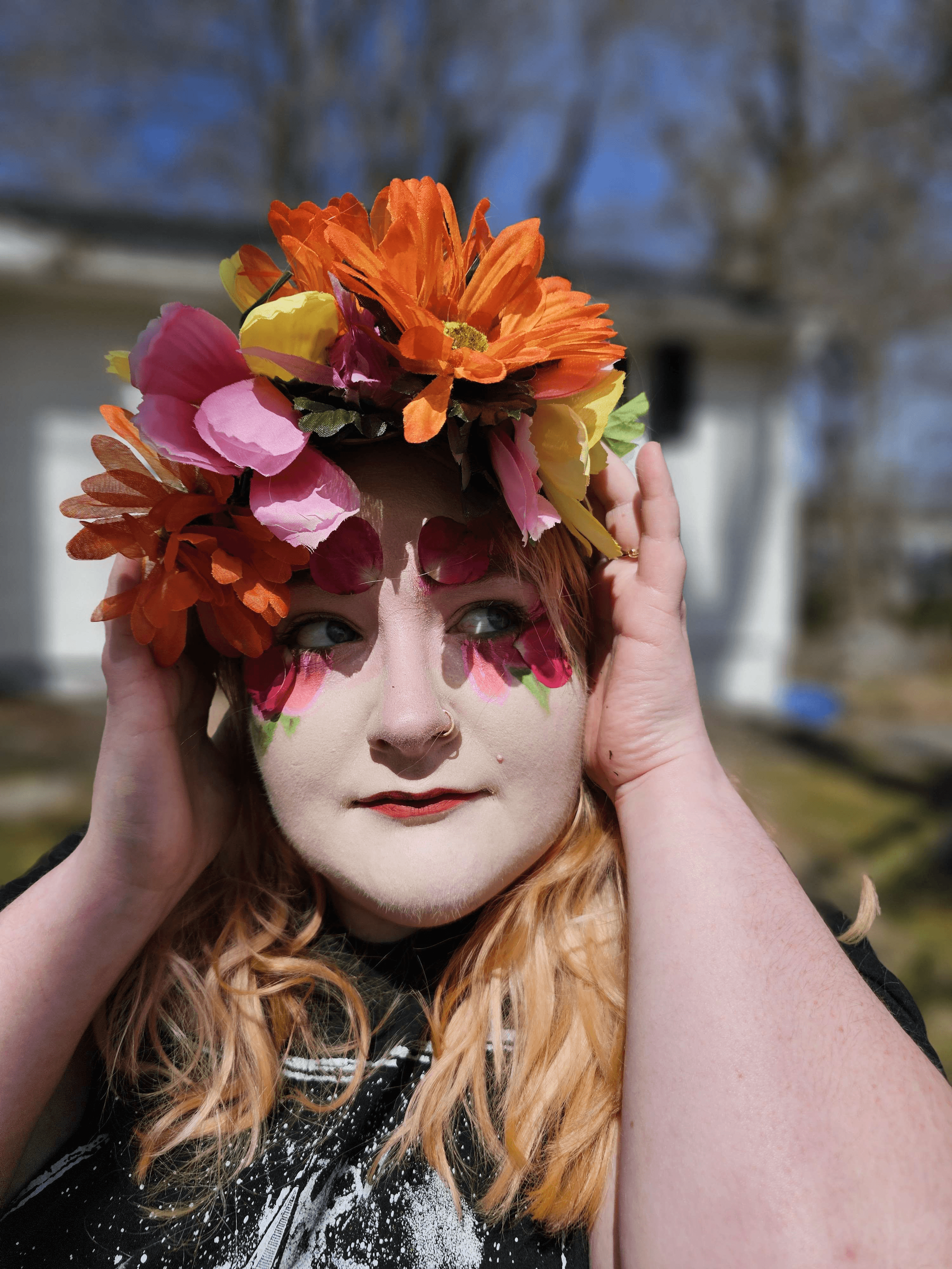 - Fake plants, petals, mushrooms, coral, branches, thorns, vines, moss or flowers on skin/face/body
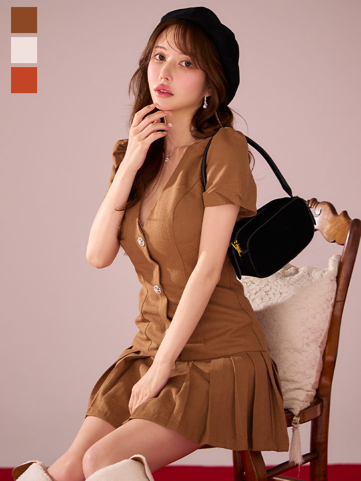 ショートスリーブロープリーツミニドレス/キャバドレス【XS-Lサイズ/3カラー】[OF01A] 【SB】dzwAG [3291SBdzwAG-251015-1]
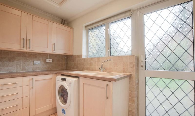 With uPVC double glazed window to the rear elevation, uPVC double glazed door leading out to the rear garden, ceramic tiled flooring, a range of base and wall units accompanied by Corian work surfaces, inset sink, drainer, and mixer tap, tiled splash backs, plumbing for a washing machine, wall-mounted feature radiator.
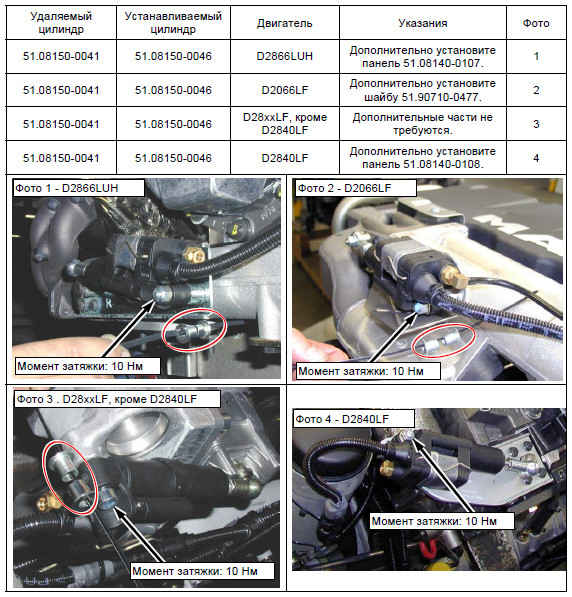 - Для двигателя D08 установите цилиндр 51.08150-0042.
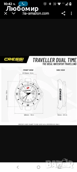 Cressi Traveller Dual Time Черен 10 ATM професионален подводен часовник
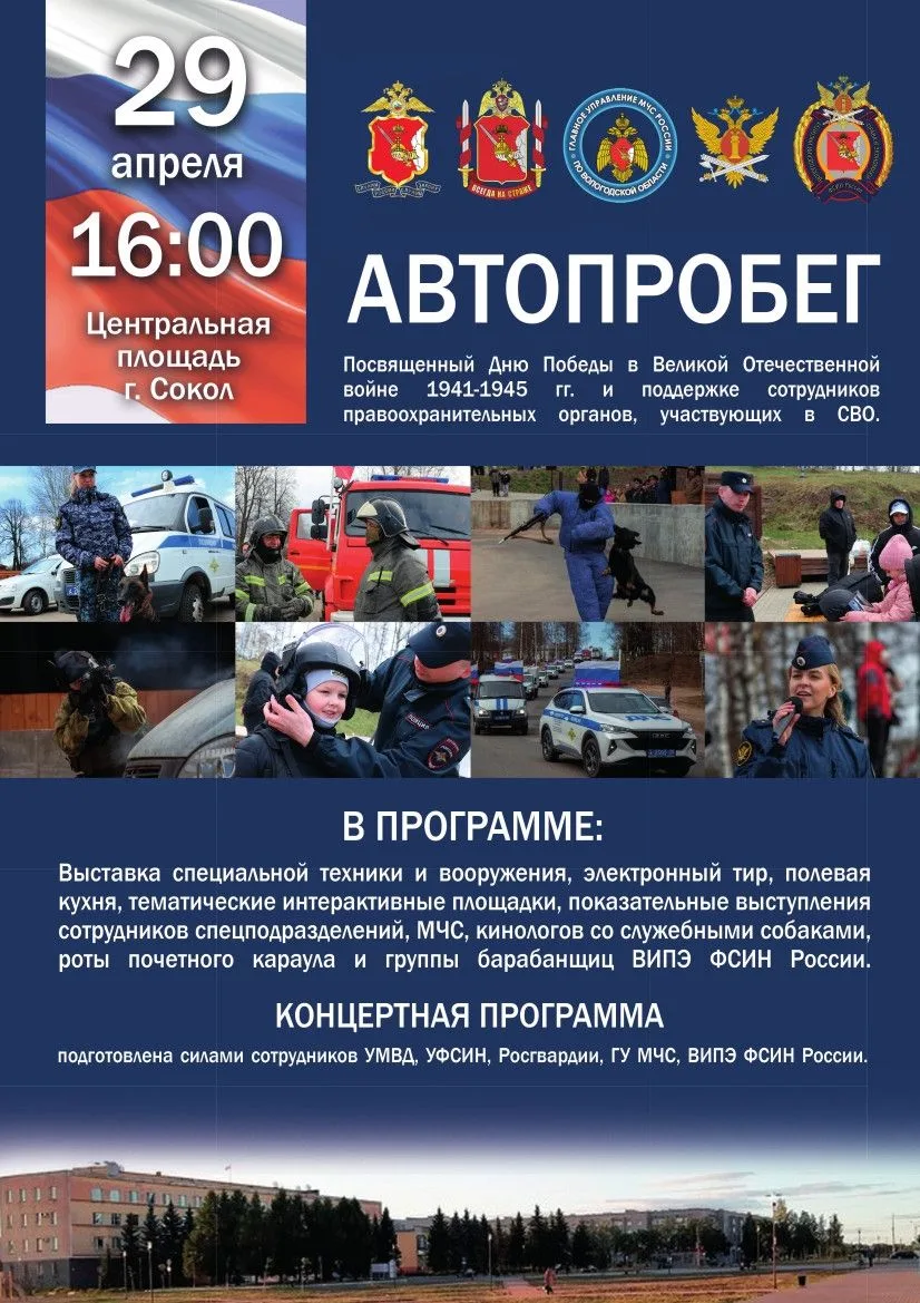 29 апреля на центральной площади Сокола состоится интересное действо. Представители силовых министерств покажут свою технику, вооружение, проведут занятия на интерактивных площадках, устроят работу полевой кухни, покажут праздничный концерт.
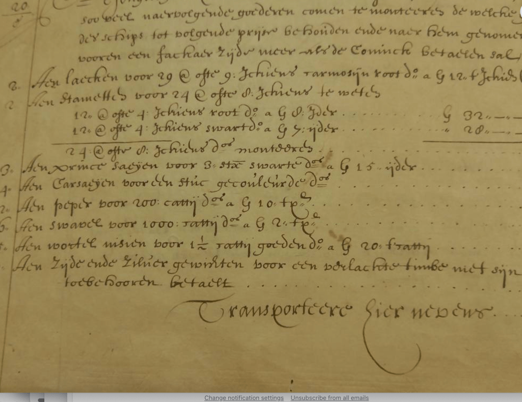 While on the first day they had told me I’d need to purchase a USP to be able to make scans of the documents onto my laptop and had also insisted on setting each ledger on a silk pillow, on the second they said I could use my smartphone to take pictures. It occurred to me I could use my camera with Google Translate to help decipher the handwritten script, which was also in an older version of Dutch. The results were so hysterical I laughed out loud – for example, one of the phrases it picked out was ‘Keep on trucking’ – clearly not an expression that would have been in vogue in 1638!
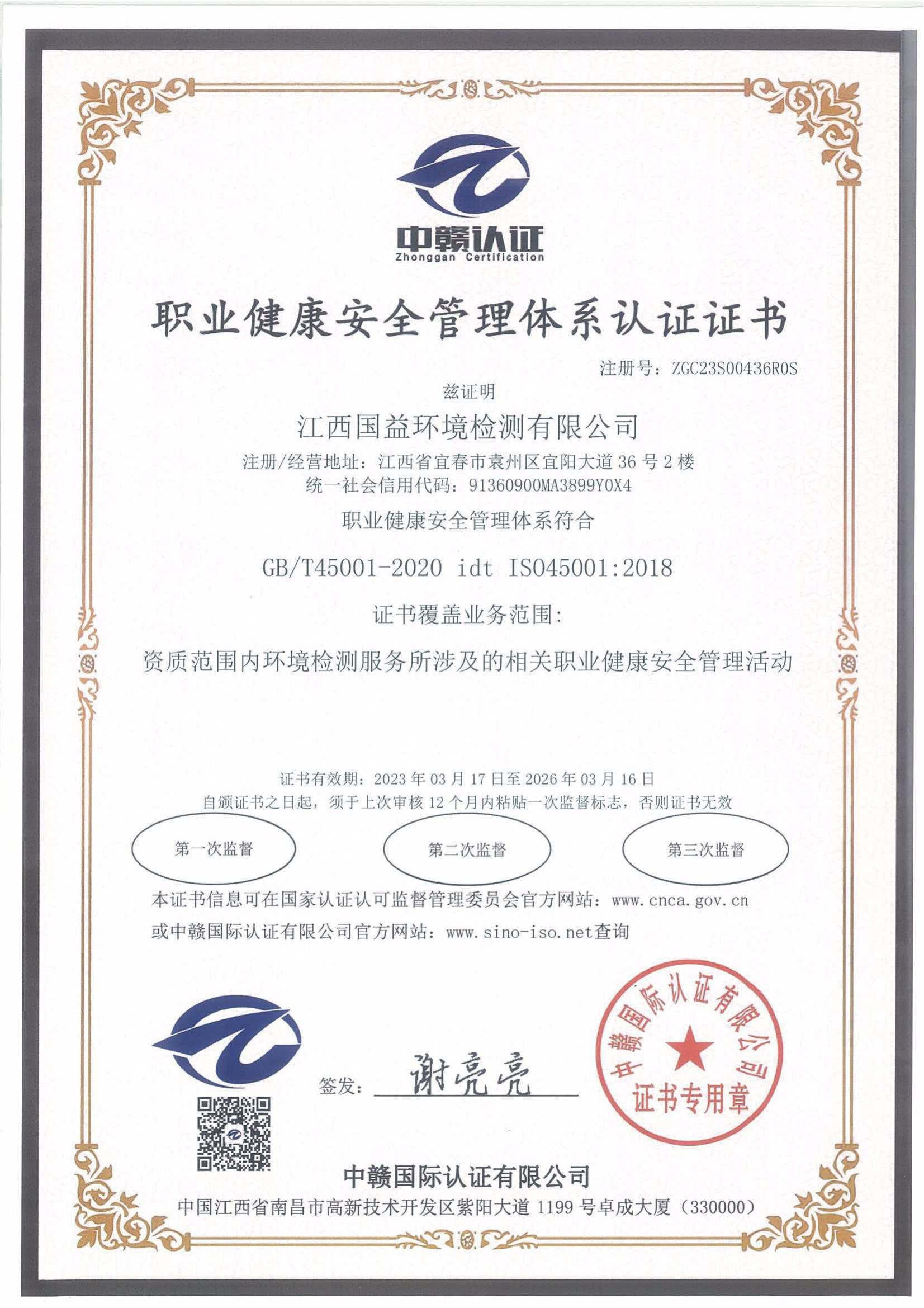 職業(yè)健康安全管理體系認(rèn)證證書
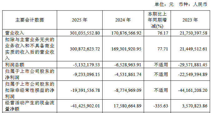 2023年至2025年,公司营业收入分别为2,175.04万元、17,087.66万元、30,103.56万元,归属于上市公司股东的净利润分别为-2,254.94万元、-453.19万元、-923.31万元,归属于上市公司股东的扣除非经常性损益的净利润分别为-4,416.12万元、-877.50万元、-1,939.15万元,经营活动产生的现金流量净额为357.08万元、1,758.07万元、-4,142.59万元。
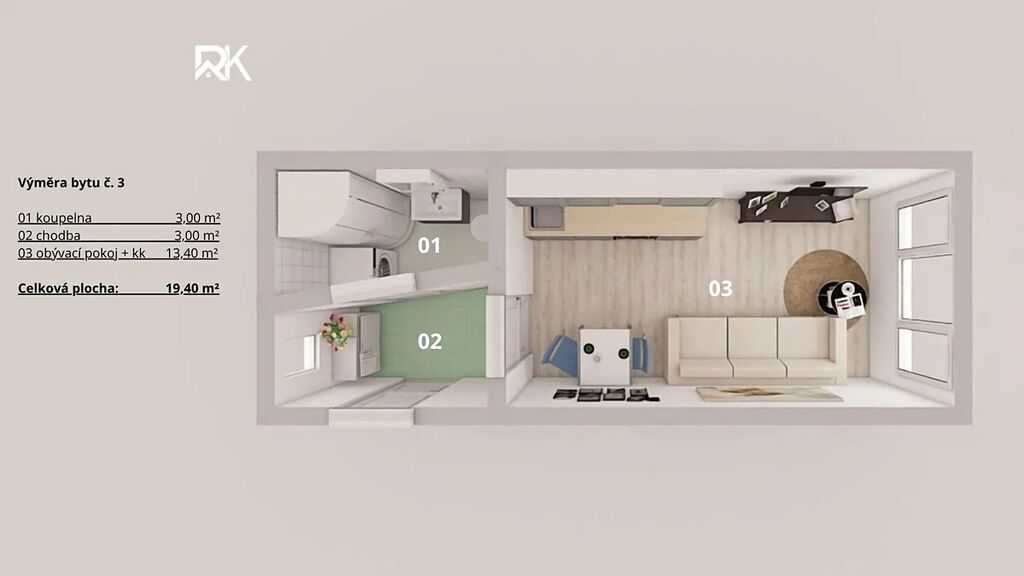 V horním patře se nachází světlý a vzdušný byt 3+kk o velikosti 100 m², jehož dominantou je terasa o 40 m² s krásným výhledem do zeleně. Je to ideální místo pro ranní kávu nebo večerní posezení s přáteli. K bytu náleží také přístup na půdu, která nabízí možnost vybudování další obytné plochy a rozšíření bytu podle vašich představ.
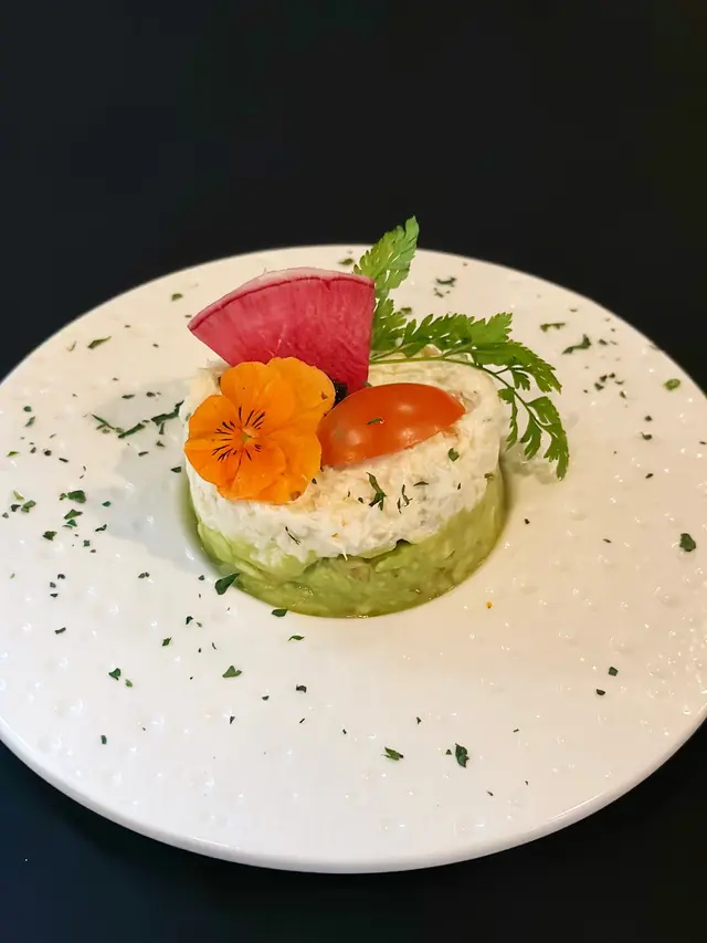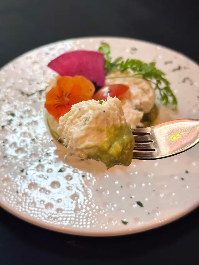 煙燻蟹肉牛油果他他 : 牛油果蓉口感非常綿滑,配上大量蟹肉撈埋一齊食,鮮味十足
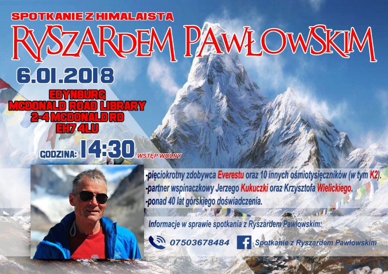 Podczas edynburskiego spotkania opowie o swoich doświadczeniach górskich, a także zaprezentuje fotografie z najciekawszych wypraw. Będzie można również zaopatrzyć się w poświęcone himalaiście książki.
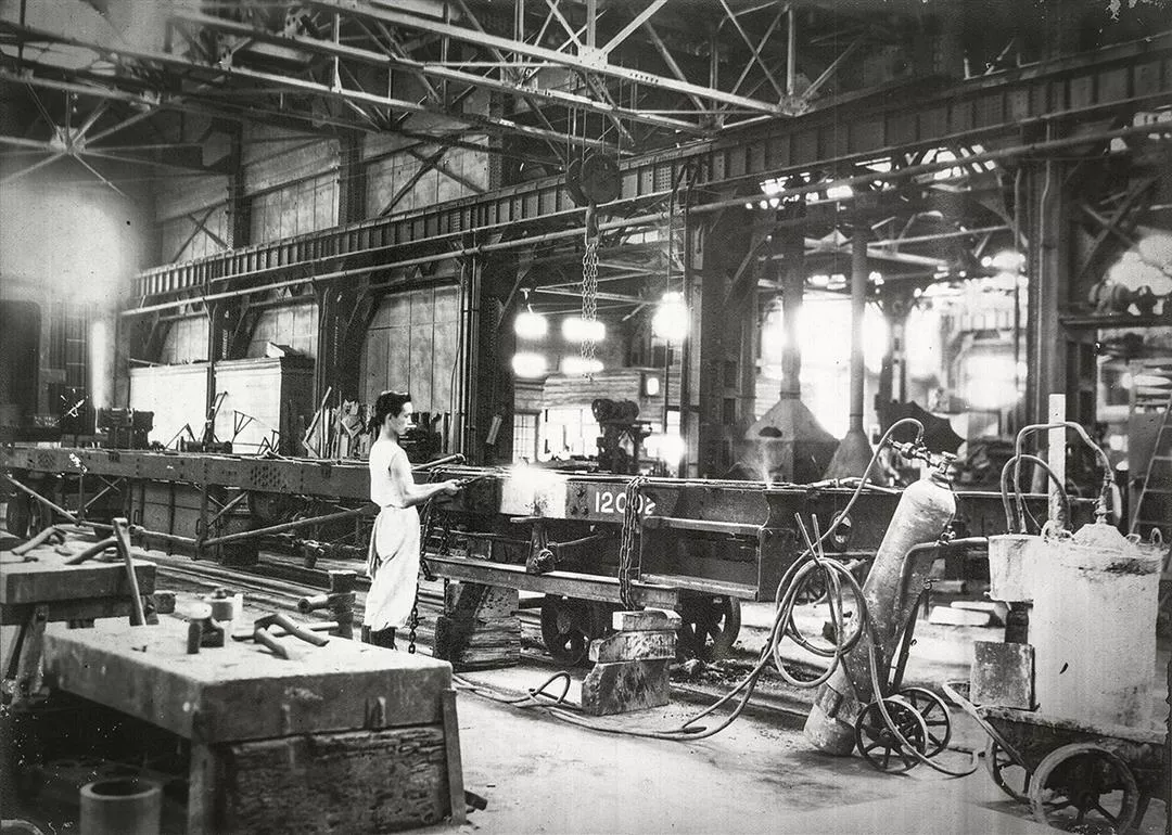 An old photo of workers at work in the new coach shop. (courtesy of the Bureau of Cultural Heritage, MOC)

| WHAT NEEDS TO BE DONE |
In the listing above, find the line containing "2023年至2025年,公司". Output it and every line after it up to and including the line containing "煙燻蟹肉牛油果他他 : 牛油果蓉口感非常綿滑,配上大量蟹肉撈埋一齊食,鮮味十足", exactly, but skip the pictures.

| YOUR RESPONSE |
 2023年至2025年,公司营业收入分别为2,175.04万元、17,087.66万元、30,103.56万元,归属于上市公司股东的净利润分别为-2,254.94万元、-453.19万元、-923.31万元,归属于上市公司股东的扣除非经常性损益的净利润分别为-4,416.12万元、-877.50万元、-1,939.15万元,经营活动产生的现金流量净额为357.08万元、1,758.07万元、-4,142.59万元。
 V horním patře se nachází světlý a vzdušný byt 3+kk o velikosti 100 m², jehož dominantou je terasa o 40 m² s krásným výhledem do zeleně. Je to ideální místo pro ranní kávu nebo večerní posezení s přáteli. K bytu náleží také přístup na půdu, která nabízí možnost vybudování další obytné plochy a rozšíření bytu podle vašich představ.
 煙燻蟹肉牛油果他他 : 牛油果蓉口感非常綿滑,配上大量蟹肉撈埋一齊食,鮮味十足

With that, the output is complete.